• _Task to carry out_: Copy the lines below exactly. No picture goes into the copy.

• _Dataset content_:
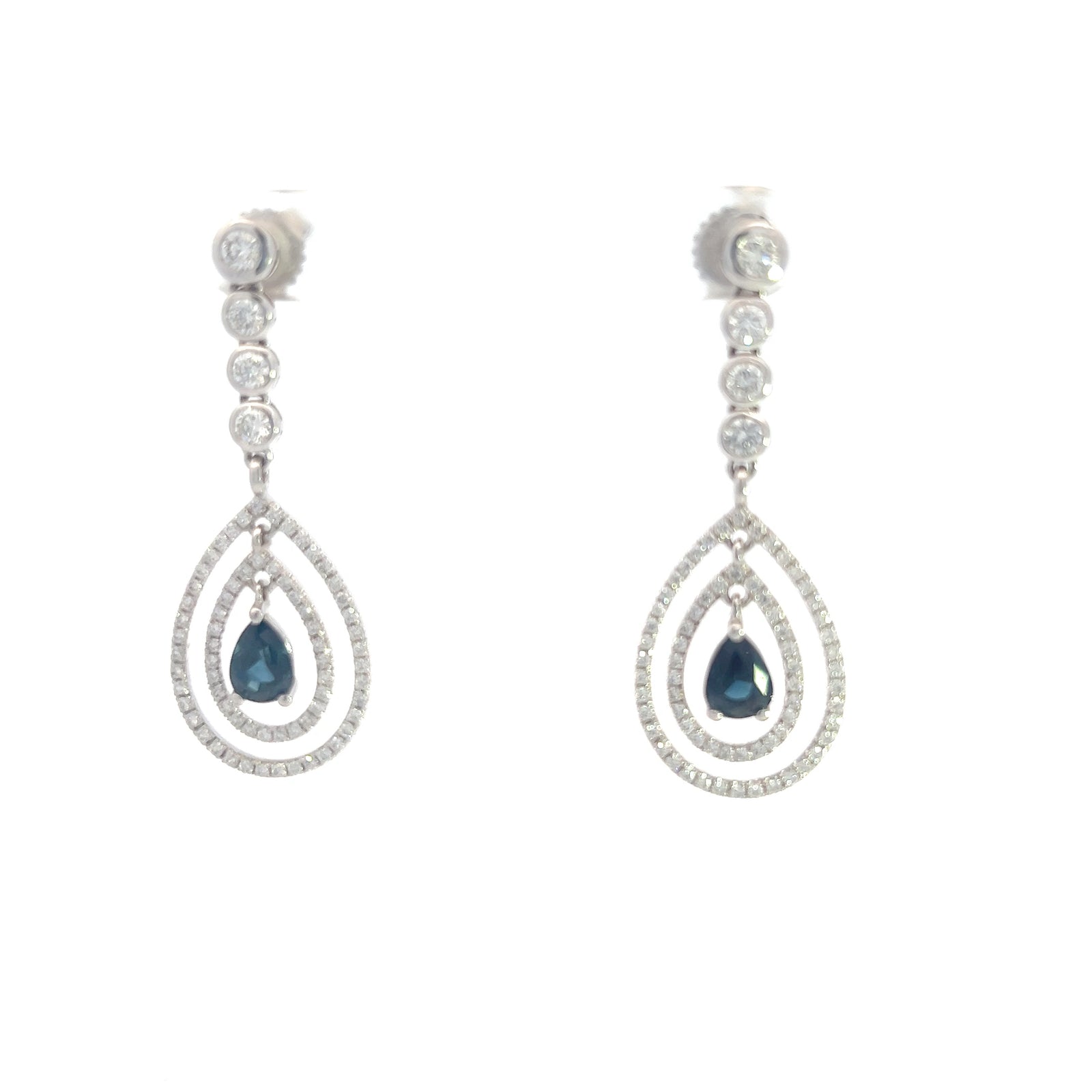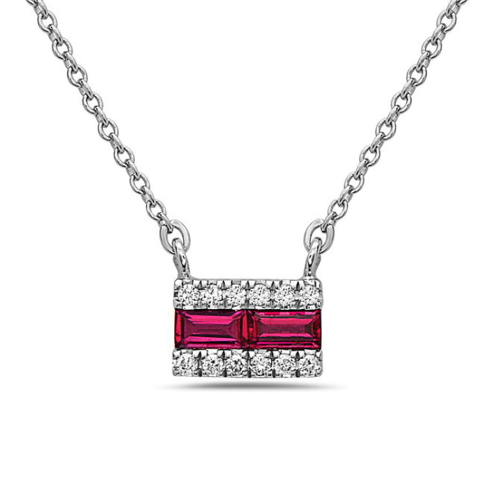 14K White Gold Sapphire and Diamond Necklace, 18"
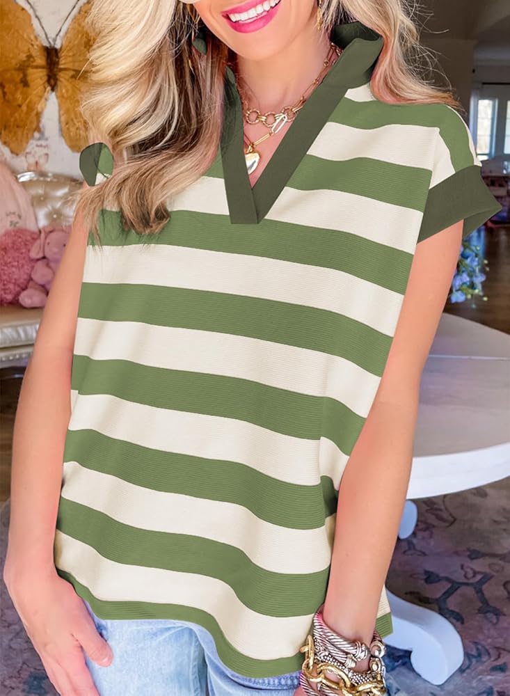 Trendy design: Color block striped tops for women trendy, drop shoulder, polo shirts, short sleeve sweatshirt for women, side slit, straight silhouette with a relaxed loose fit
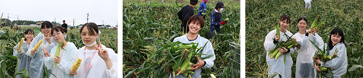 畑ではメロンの糖度以上(糖度は18度~20度)のもぎたてのとうきびを、生のまま全員で頂きました。そして畑のとうきびを全て収穫しました。その後は3グループに分かれて、とうきびを使った食品加工、道の駅における青果と加工品の商品販売、一般の方々のとうきび収穫体験の支援業務を行いました。
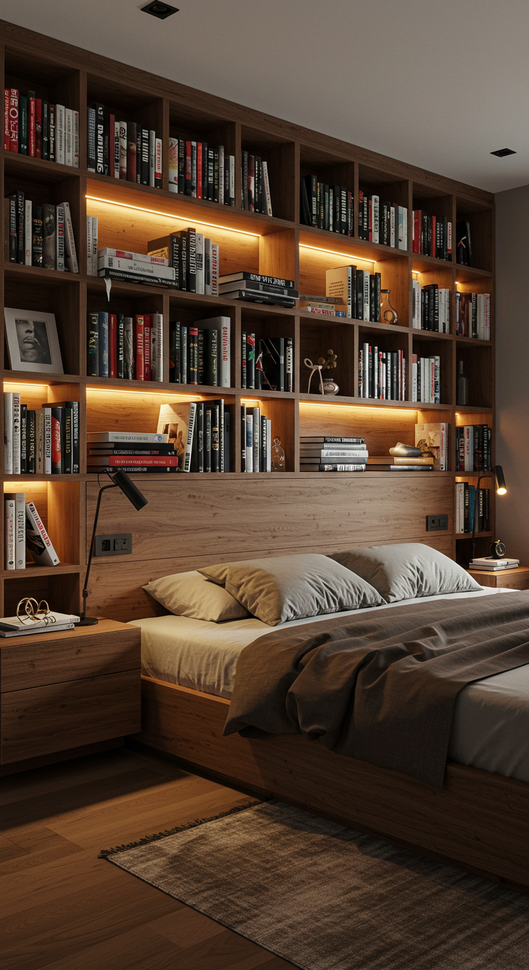 Variez les profondeurs d’étagères pour créer du dynamisme visuel : certaines accueillent les livres, d’autres des cadres photos, plantes ou objets décoratifs. Cette approche transforme la lecture en rituel quotidien et fait de votre chambre un espace culturel personnel où chaque ouvrage raconte une partie de votre histoire.

• _Task result_:
 14K White Gold Sapphire and Diamond Necklace, 18"
 Trendy design: Color block striped tops for women trendy, drop shoulder, polo shirts, short sleeve sweatshirt for women, side slit, straight silhouette with a relaxed loose fit
 畑ではメロンの糖度以上(糖度は18度~20度)のもぎたてのとうきびを、生のまま全員で頂きました。そして畑のとうきびを全て収穫しました。その後は3グループに分かれて、とうきびを使った食品加工、道の駅における青果と加工品の商品販売、一般の方々のとうきび収穫体験の支援業務を行いました。
 Variez les profondeurs d’étagères pour créer du dynamisme visuel : certaines accueillent les livres, d’autres des cadres photos, plantes ou objets décoratifs. Cette approche transforme la lecture en rituel quotidien et fait de votre chambre un espace culturel personnel où chaque ouvrage raconte une partie de votre histoire.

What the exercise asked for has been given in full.